Someone touched Legolas’s arm, and he turned to see Annael’s mother. Even in his grief, he smiled at her. He had loved this Elf-woman from the time he was small, and she had been one of those who coaxed him back into life after his mother died. “I am sorry for Emmelin,” he told her, as he embraced her.

Elowen nodded, but when she spoke it was not of her granddaughter or her granddaughter’s husband. “I do not know when I will see you again, Legolas, and I wanted to tell you goodbye.”

He frowned. “What do you mean ‘goodbye’? Where are you going?” She smiled, and abruptly, he understood. “You are sailing west,” he said, trying to hide his dismay.

She nodded. “I have been away from Annael’s adar for too long, and perhaps I will find him waiting for me. Emmelin is going too.”

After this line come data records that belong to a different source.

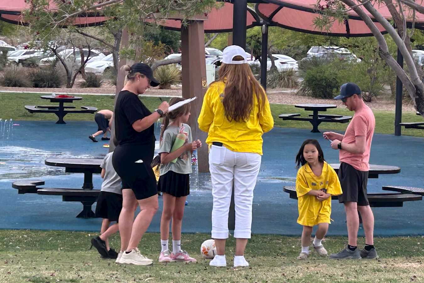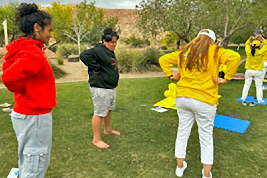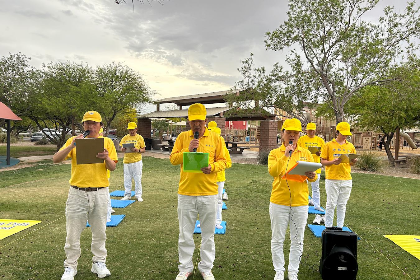 凯蒂(Katie)在当地一家广播电台工作。午后在公园散步时看到学员们正在进行功法展示。学员告诉她今天在这里庆祝师父的生日。法轮功有动功也有打坐,我们每天早晨七点到九点在沙漠微风公园(Desert Breeze Park)炼功。她很感兴趣。”
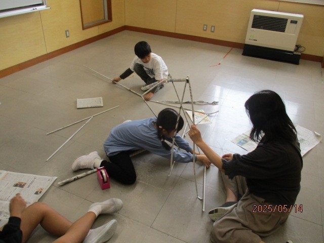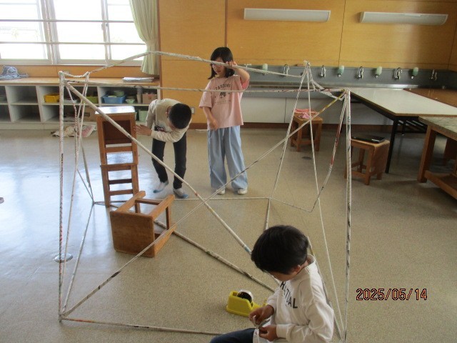 棒状にまるめた新聞紙をつなげて造形遊びをしました。子供たちは、グループで話し合い、楽しみながら活動しました。
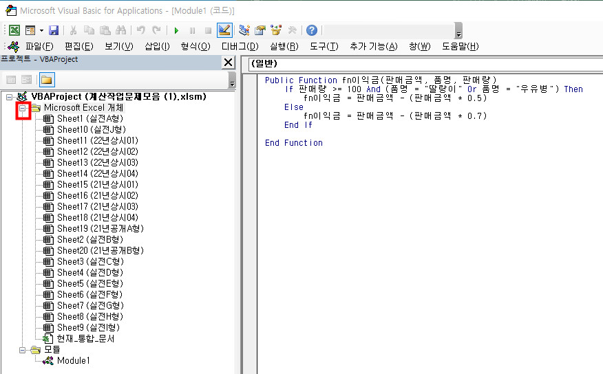- VBA 창을 실행한 후 아래 그림에서 빨강색으로 표시된 부분을 클릭하여 [-]로 표시되도록 하면 워크시트가 표시됩니다.
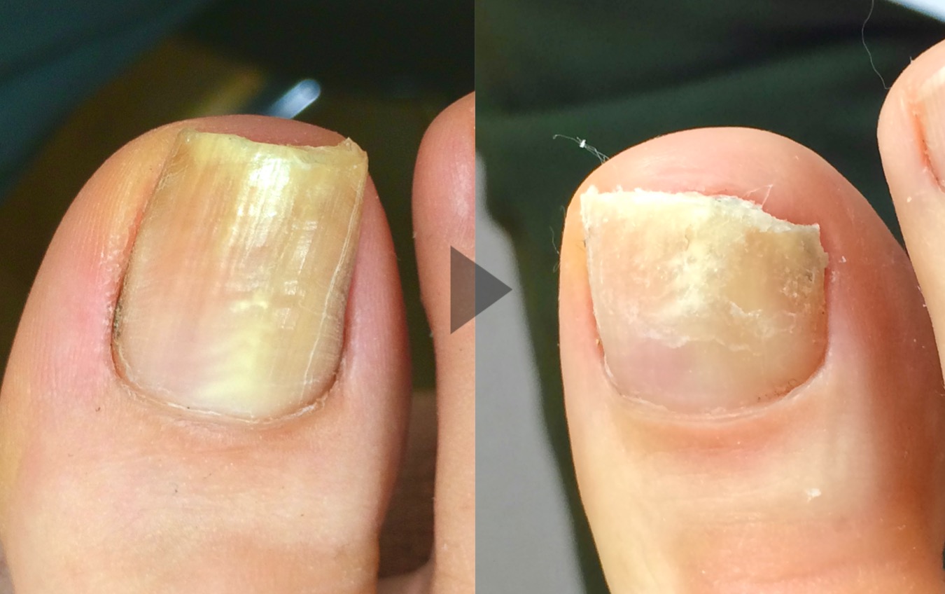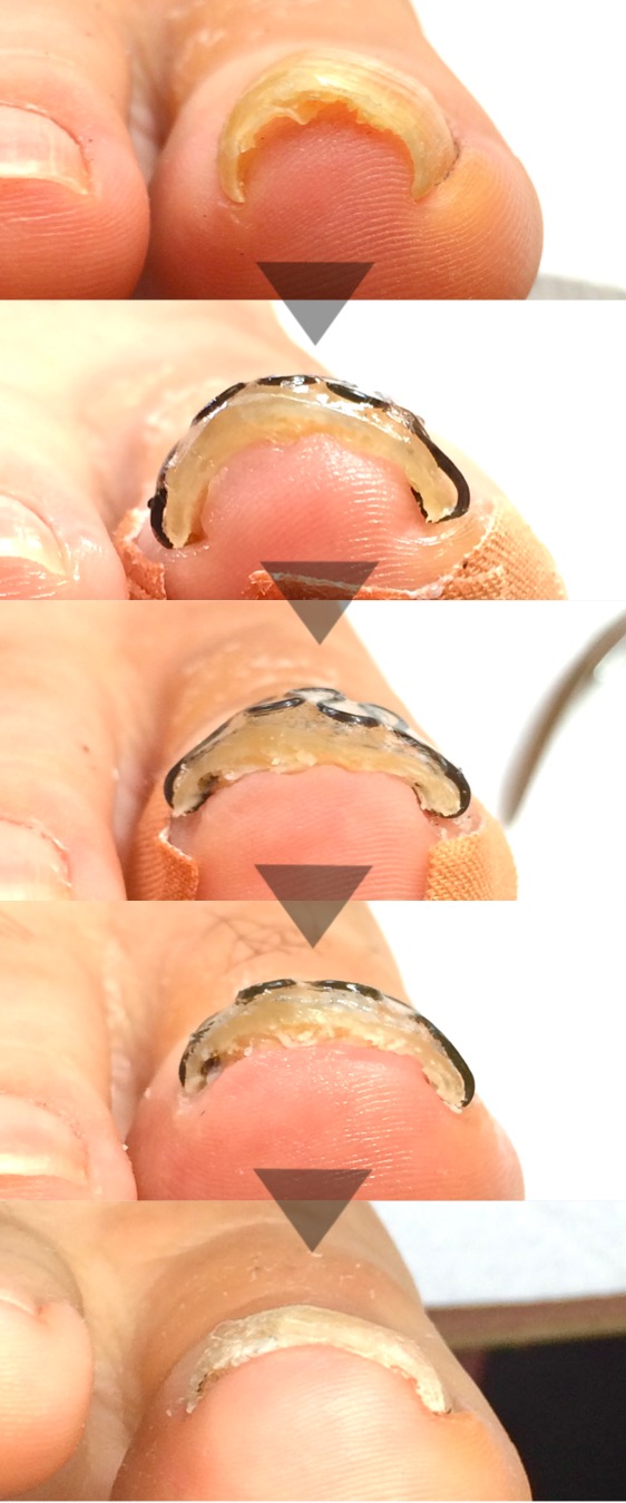 厚みがあって硬い爪でしたので、普通のワイヤー矯正では歯が立たなかったかもしれません。ある程度厚みがなくなってきて、爪のカーブも自己メンテできるレベルに自然になってきたので、卒業して自己ケアに移行します。今後自己メンテを続けることでさらに薄くなっていきます。

Legolas immediately saw how Elowen and Emmelin would comfort one another. “I am sorry to see you go, Elowen. I will miss you.”

She patted his cheek. “You will get along fine without me. And I like knowing that you will be a friend to Annael.” She looked at him soberly. “Take care, Legolas. The peace is ending. I know that you will do what you can to drive the Shadow away again. Indeed I know you must do that. But still, take care.”

“I will,” Legolas assured her, “and I will keep an eye on Annael too.”

She laughed. “How odd. He said the same thing about you.” She stretched to kiss his cheek, and he embraced her, kissed her brow, and let her go.

As he watched her disappear along the path to her cottage, he thought about the strength he had seen people show that day, even in the face of blinding sorrow. There was now an empty space among them in which Sinnarn had once stood, but his loss had not crushed them. They would struggle on. Eilian had described a creature that used fear as a weapon, one against which there seemed to be no defense. But there were forces stronger than fear: love, honor, duty, loyalty, and sometimes, sheer stubbornness. Among the Wood-elves, these qualities flourished.

He started home. The peace was ending, but they would face the future and fight the darkness back again.